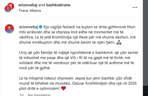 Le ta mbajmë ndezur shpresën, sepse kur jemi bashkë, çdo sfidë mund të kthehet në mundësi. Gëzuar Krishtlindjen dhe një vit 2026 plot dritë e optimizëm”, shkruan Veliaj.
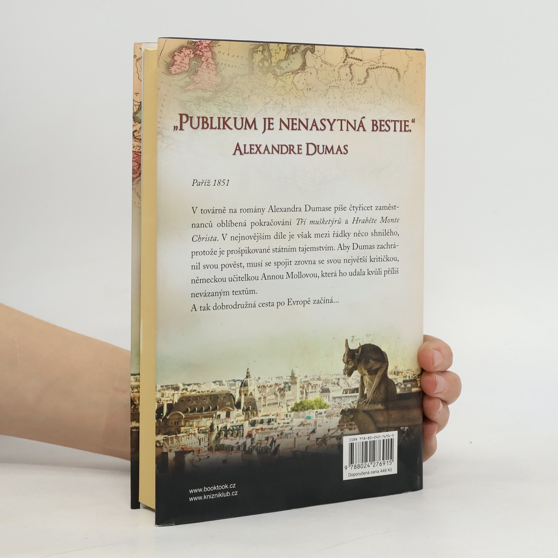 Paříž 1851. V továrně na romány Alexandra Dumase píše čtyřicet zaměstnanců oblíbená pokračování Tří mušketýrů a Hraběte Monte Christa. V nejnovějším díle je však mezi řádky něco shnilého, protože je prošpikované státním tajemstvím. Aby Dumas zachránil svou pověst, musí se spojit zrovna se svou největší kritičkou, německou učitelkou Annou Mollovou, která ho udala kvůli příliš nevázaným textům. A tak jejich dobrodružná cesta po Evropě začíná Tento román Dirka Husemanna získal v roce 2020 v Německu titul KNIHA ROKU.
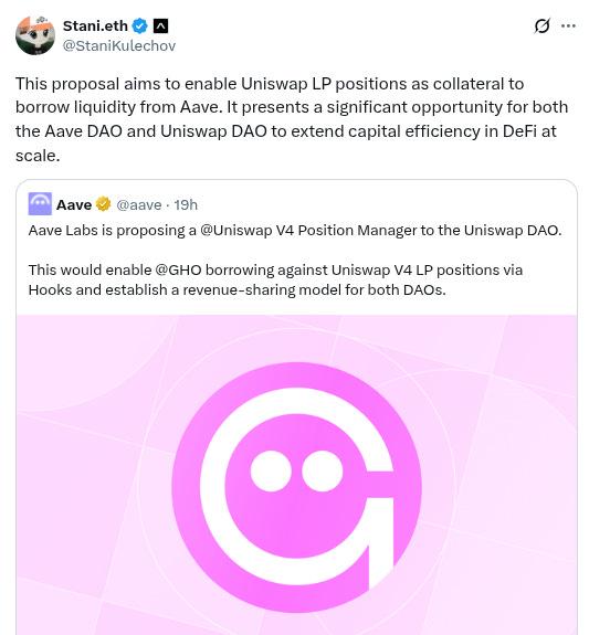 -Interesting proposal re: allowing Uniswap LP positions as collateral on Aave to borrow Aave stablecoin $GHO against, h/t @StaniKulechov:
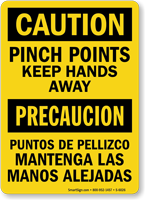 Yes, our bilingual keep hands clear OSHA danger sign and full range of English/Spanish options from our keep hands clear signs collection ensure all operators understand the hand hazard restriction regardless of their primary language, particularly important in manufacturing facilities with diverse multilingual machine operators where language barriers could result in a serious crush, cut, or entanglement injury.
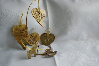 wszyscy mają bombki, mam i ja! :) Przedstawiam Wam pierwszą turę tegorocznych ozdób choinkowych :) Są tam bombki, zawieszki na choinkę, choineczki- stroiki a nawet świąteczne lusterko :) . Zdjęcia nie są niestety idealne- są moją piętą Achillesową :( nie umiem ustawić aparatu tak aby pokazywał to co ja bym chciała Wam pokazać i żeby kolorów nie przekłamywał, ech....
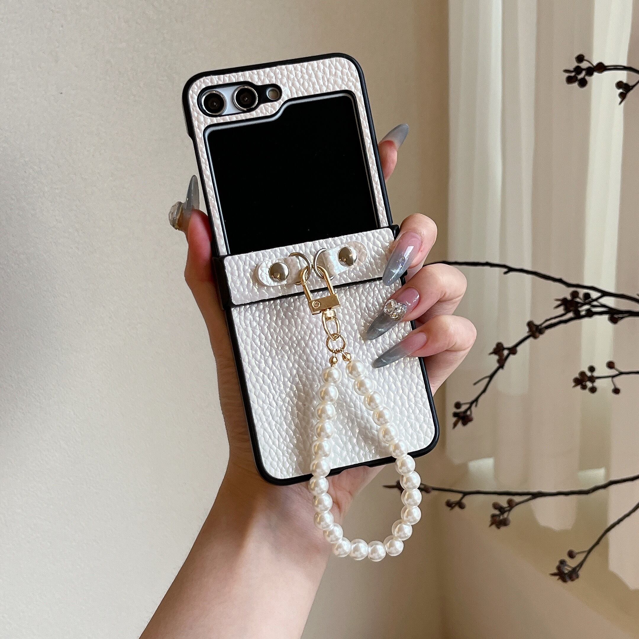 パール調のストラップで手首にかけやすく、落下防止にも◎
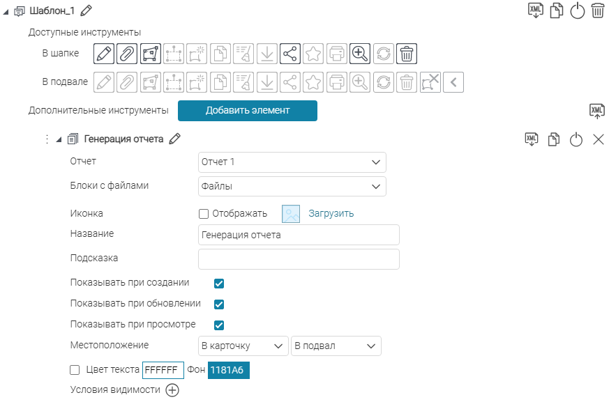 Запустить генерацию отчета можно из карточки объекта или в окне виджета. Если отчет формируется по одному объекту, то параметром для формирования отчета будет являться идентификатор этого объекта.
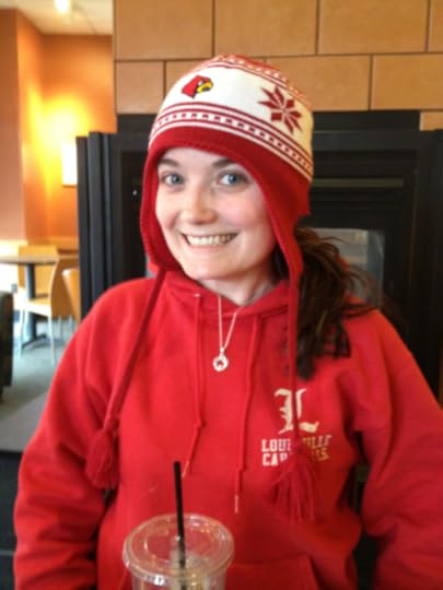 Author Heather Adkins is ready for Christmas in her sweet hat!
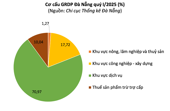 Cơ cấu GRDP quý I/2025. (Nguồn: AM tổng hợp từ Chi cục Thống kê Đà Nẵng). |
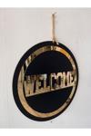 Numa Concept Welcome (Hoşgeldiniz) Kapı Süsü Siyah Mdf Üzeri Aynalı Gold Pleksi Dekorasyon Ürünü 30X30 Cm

## Brief
Copy, word for word, the entries above from the first line to the line that holds "-Interesting proposal re: allowing". Drop the pictures.

## Response
 Le ta mbajmë ndezur shpresën, sepse kur jemi bashkë, çdo sfidë mund të kthehet në mundësi. Gëzuar Krishtlindjen dhe një vit 2026 plot dritë e optimizëm”, shkruan Veliaj.
 Paříž 1851. V továrně na romány Alexandra Dumase píše čtyřicet zaměstnanců oblíbená pokračování Tří mušketýrů a Hraběte Monte Christa. V nejnovějším díle je však mezi řádky něco shnilého, protože je prošpikované státním tajemstvím. Aby Dumas zachránil svou pověst, musí se spojit zrovna se svou největší kritičkou, německou učitelkou Annou Mollovou, která ho udala kvůli příliš nevázaným textům. A tak jejich dobrodružná cesta po Evropě začíná Tento román Dirka Husemanna získal v roce 2020 v Německu titul KNIHA ROKU.
 -Interesting proposal re: allowing Uniswap LP positions as collateral on Aave to borrow Aave stablecoin $GHO against, h/t @StaniKulechov:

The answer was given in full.